Microsoft Display Dock is a display docking station that allows selected Windows 10 mobile devices to connect to a computer monitor, mouse, and keyboard for a desktop PC-like experience. It is also the first device to act as a dock for Windows 10 Mobile's new "Continuum" feature which allows some mobile devices to run native mobile applications as if they were desktop applications, though despite emulating Windows 10 for PCs the software doesn't have most features that come with desktop versions such as running Windows Store applications side-by-side or Win32 applications, and various applications such as Microsoft Messaging and Skype do not run in full screen mode for larger monitors.

The display dock also worked as a normal USB hub if not connected to any output source.

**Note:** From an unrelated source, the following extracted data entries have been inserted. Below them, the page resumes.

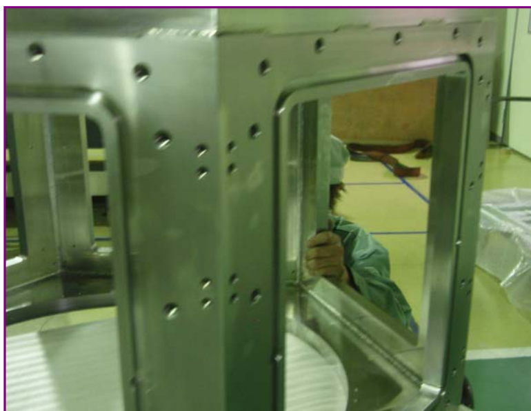
今月のチャンバ 3 写真:左

材 質 : SUS304 構 造 : 溶接構造 仕上げ : 内面 #400 : 外面 溶接後機械加工 各面の直角出し サイズ : 六角形 Φ1400×H700
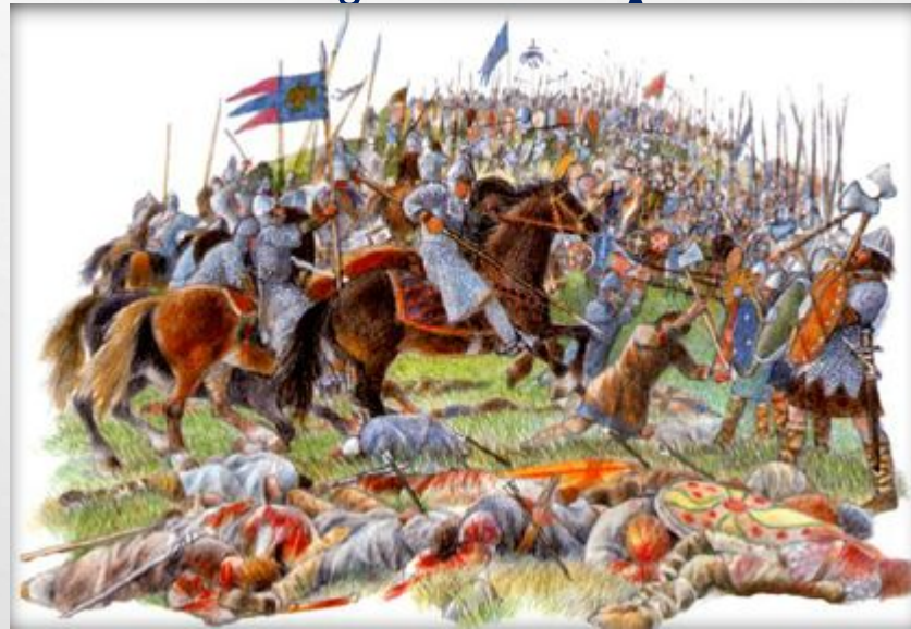
Битва при Гастингсе

В 1066 году Вильгельм, герцог Нормандии, переправился через Ла-Манш и 28 сентября высадился со
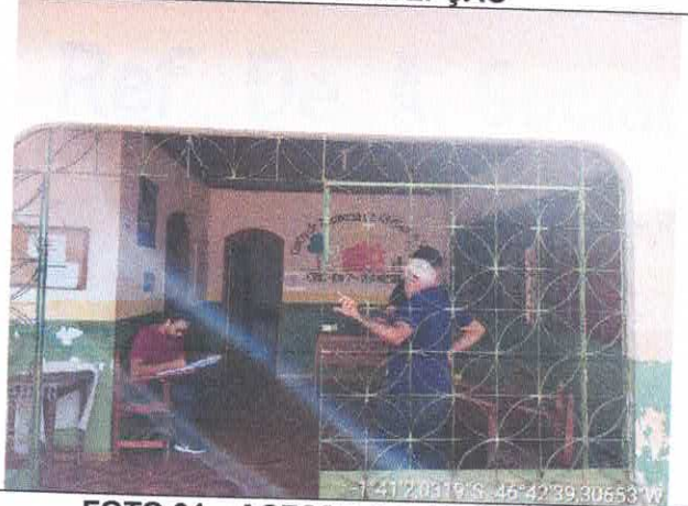
FOTO 02 - RECEPÇÃO

Currently the only devices compatible with the Microsoft Display Dock are the Microsoft Lumia 950 and the Microsoft Lumia 950 XL. The dock will also work with the Microsoft Surface Go, Microsoft Surface Book 2 and other devices that support MyDP standard (also known as Mobility DisplayPort or SlimPort). However the dock's power supply is not powerful enough to charge the Surface at the same time, so the battery will slowly discharge during use unless the Surface's own power supply is also attached.

== Hardware ==

The Microsoft Display Dock is a cube-shaped object that measures 2.5 to 2.5 to 1 inch (HWD) and is covered in ports on both the front and the back of the device, and it weighs 8.1 ounces (230 grams). The Microsoft Lumia smartphone connects through the USB-C port on the front and on the back there are 3 USB Type-A ports, an HDMI-port, a full-sized DisplayPort connector, and a single USB Type-C port for power. Although there are two video output ports, only one of them can be used at a time.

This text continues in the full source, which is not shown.